Stored items from a collection:
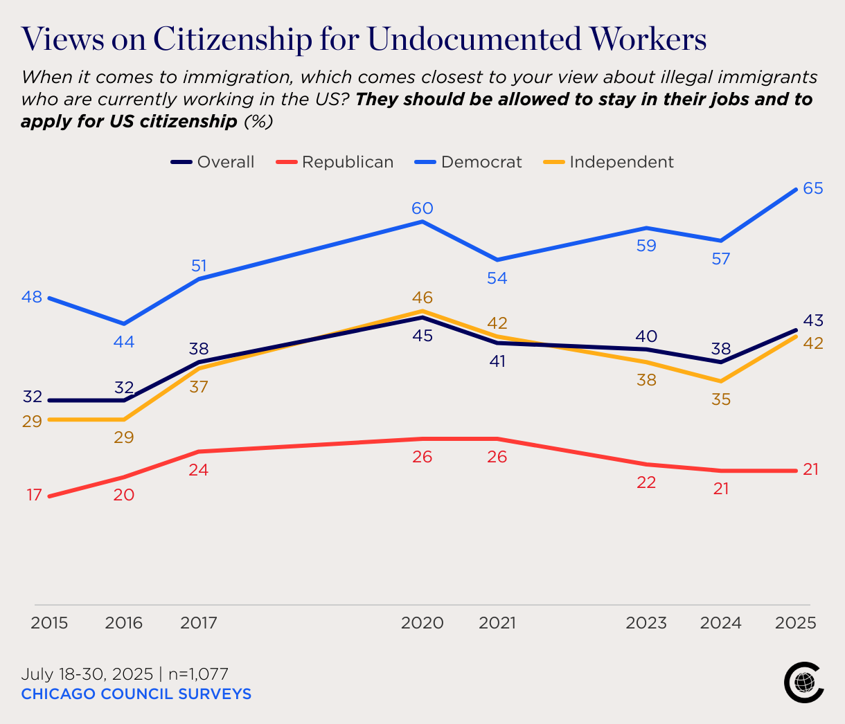 When it comes to immigration, which comes closest to your view about illegal immigrants who are currently working in the US? They should be allowed to stay in their jobs and to apply for US citizenship (%)
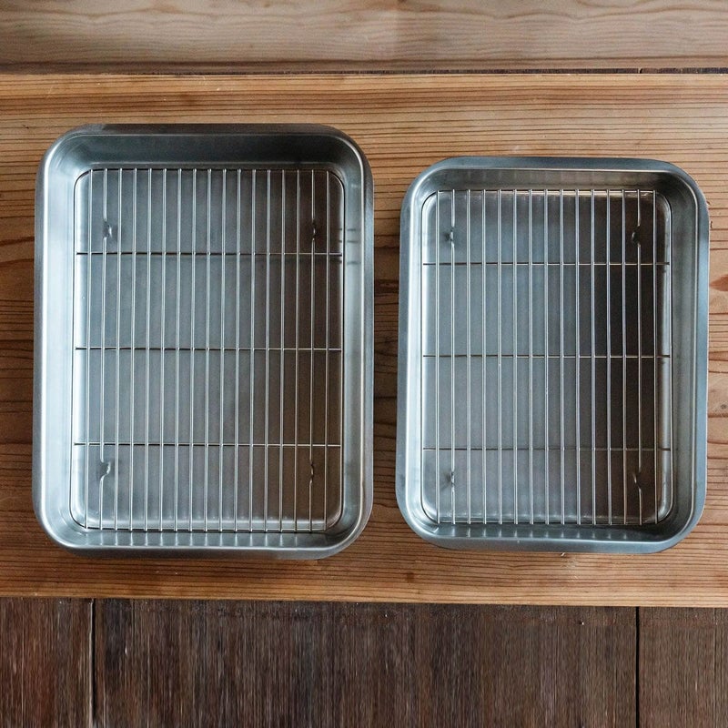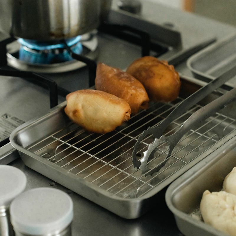 バットは0.6mmから0.7mm、アミは17mm(30枚取のみ11mm)ほどしっかりと厚みのある耐熱ステンレスなので、油から出したてのあつあつの揚げ物を乗せても大丈夫。
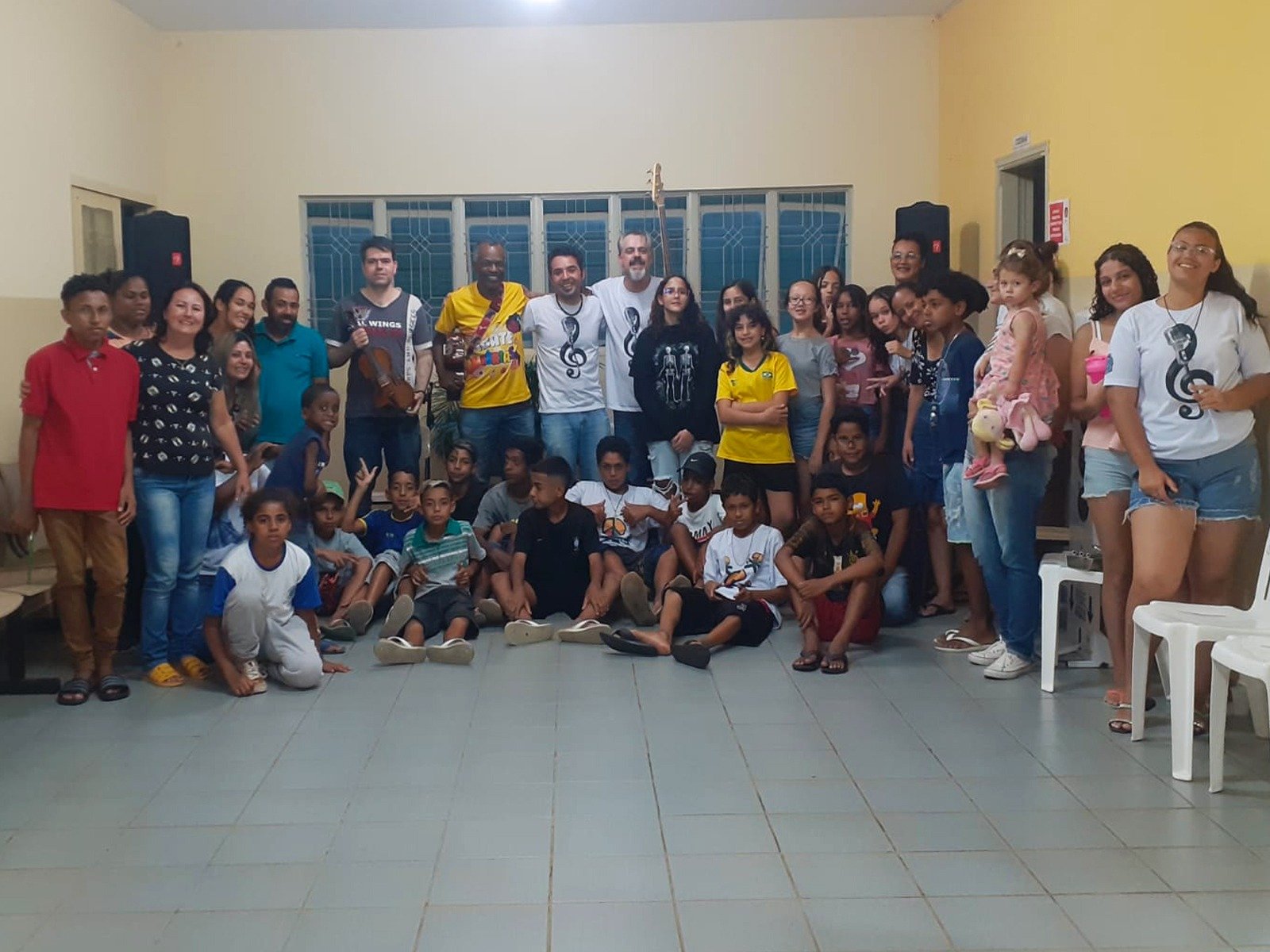 Tanto os alunos de percussão, violão, violino, canto e técnicas vocais, tiveram um momento de imersão musical na aula inaugural com os professores, André de Souza (Canto), Ricardo Finazzi (violão e viola), Misael Sena (violino) e Felipe Cortes (percussão).
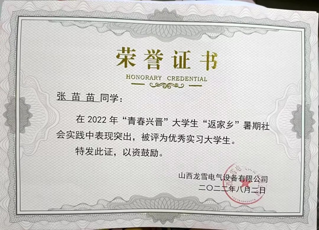 2022年的时候,张苗苗利用寒、暑假的时间参加了“青春兴晋”老员工暑期社会实践志愿服务。在当时,恰好有一个符合张苗苗所学专业的实习,她认为,这是一个锻炼自己的好机会,于是便报了名。在实习过程中,她需要写一些简单编程,由于经验不足,经常和前辈学习项目编程的思路。整个实习期间,她不仅熟练地将公司学到的知识应用到实际,还获得了很多课本上学不到的东西。
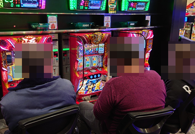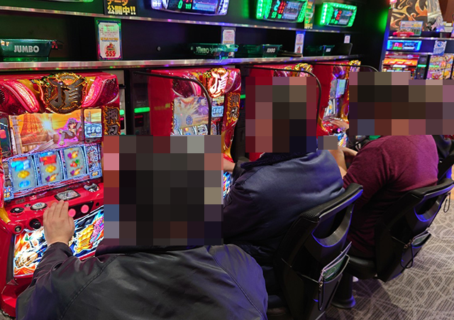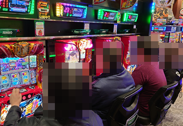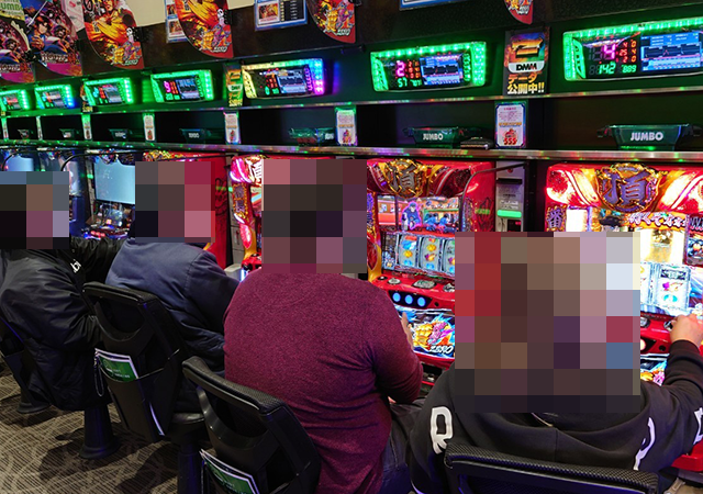 パチスロのにぎわいが大きく、随所に遊技を満喫しているようなプレイヤーがみられた。

__Work item__:
Please copy, exactly as written, the lines from the one that contains "2022年的时候,张苗苗利用" through the end of the records, both ends included. Do not include the pictures.

__Response__:
 2022年的时候,张苗苗利用寒、暑假的时间参加了“青春兴晋”老员工暑期社会实践志愿服务。在当时,恰好有一个符合张苗苗所学专业的实习,她认为,这是一个锻炼自己的好机会,于是便报了名。在实习过程中,她需要写一些简单编程,由于经验不足,经常和前辈学习项目编程的思路。整个实习期间,她不仅熟练地将公司学到的知识应用到实际,还获得了很多课本上学不到的东西。
 パチスロのにぎわいが大きく、随所に遊技を満喫しているようなプレイヤーがみられた。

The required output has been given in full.